By relying on carbon dioxide from an existing source like biomass or waste to convert the hydrogen into methane it would create a methane gas that is highly carbon neutral. After being burnt, the carbon emitted from the converted methane cycles back into the atmosphere.

This method also benefits from the natural gas storage and power generation systems that are already established, making it cost effective.

Allen’s research also highlights that power-to-gas, “allows the peaks in renewable electricity generation to be used for the storage of significant amounts of energy via the provision of carbon-neutral fuels that can be used directly by industry, by consumers for heating and cooking”, or even used for the production of electricity during the troughs in renewable generation.

Projects exploring the potential of power-to-gas

According to experts from the Technical University of Applied Sciences in Regensburg, Germany, about 143 power-to-gas hydrogen and methane projects have been developed since 1988 in 22 countries. From them, only 56 hydrogen and 38 methane projects were active in 2019, nearly 45% of which have fed or have planned to feed gas into the local grids or reconvert energy into power or heat.

The application of the method was recently recognised by the EU ‘Store&Go’ project, sponsored under the EU Horizon 2020 programme, a collaboration between 27 partner organisations across Europe. As part of the project, scientists are testing the integration of power-to-methane into the operation of European energy grids. It has three demonstration sites at Falkenhagen in Germany, Solothurn in Switzerland, and Troia in Italy.

French operators Teréga and GRTgaz recently developed power-to-gas demonstration project ‘Jupiter 1000’ in Fos-sur-Mer, in southern France.

The project is set to be first industrial demonstrator of the technology with a power rating of 1 MWe for electrolysis and a methanation process with carbon capture.
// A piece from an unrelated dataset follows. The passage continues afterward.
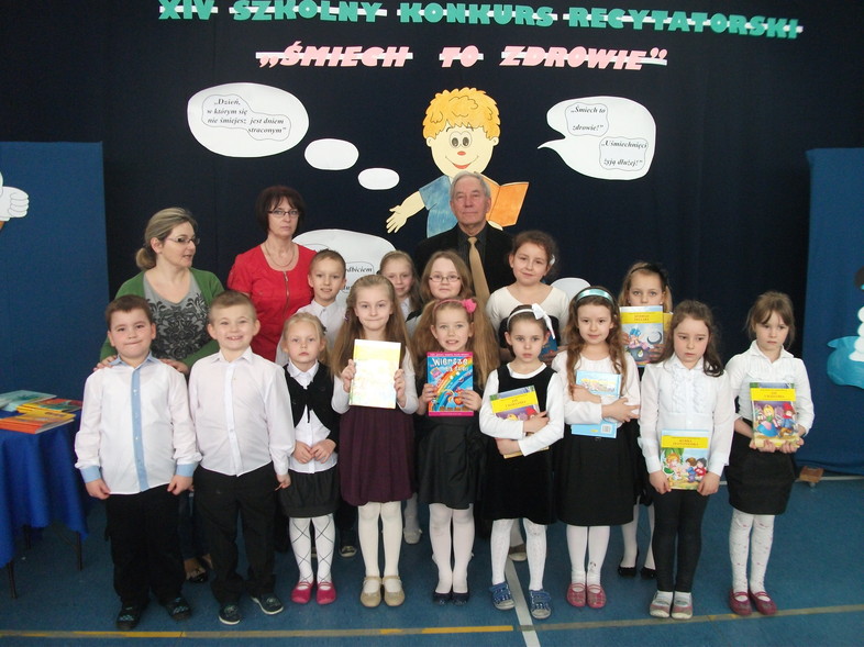 Autor wysłuchał wierszy prezentowanych przez młodych recytatorów oraz przedstawił swoje nowe książki dla dzieci p.t.: „Trzy zegary” oraz „Skarby starego domu”. Dla uczniów było to nie lada wydarzenie, gdyż część ilustracji opublikowanych w tych książkach wykonały właśnie nasze dzieci. Natalia Guss z kl. III, Oliwia Denka z kl. III oraz Dawid Zabuski z kl. II w zamian za piękne rysunki otrzymali egzemplarze opowiadań. W przerwie młodzi artyści zadawali poecie wiele pytań dotyczących jego twórczości, jak również życia osobistego. Dzieci wykazały się również chęcią posiadania tomików opowiadań i wierszy z autografem pisarza.

As part of the project, green hydrogen will be produced using two electrolysers involving different technologies, entirely from renewable energy.

The company has set a goal for the power-to-gas system to produce more than 15 TWh of gas each year by 2050.

Other companies awaiting approval of their planned power-to-gas projects include Pegasus in Italy, Amprion and Open Grid Europe in Germany, and Swedegas in Sweden.

Outlook on the future of back-up power

While the growth in renewables has led to the closure of many coal- and gas-fired power plants, experts believe that a mixture of more traditional methods and renewables will work most efficiently in the near future to provide back-up capacity.

Power systems director at WSP, an engineering professional consultancy, Anna Ferguson says: “We need a variety of different back-up sources to meet different needs and timescales. For example, pumped storage traditionally provides large reserve capacities, but batteries are well suited for providing services such a frequency response.”

Similarly, Reid also says that at this stage we don’t see a trade-off of gas over battery or vice-versa.

Instead, he considers another innovative vision where homes, small businesses and large energy assets are connected virtually and in an aggregated way: “They’ll make the stored electricity generated onsite using renewables available to the grid. Equally, some would be incentivised to reduce their demand during peak periods.

“Our Cornwall Local Energy Market project – where 250 homes and businesses are providing flexibility services to both the local and national grid network – is a test bed for this type of market,” he adds.

Ferguson, in turn, believes that in the future, “storage is likely to increasingly be part of the solution, but non-battery storage technologies such as compressed air, which are more suitable for bulk storage, may become cost effective.”

In a larger scale she projects that, “we will have more interconnectors, including potentially connecting Spain and Northern Africa to Northern Europe, to provide balancing with cheap sources of solar.”

When combining the trustworthiness of gas-fuelled methods, the potential of batteries and the new renewable methods for the generation of back-up power, one thing is certain – the sector has a good availability of options which have to be optimised as to reach a greater scale of energy stability.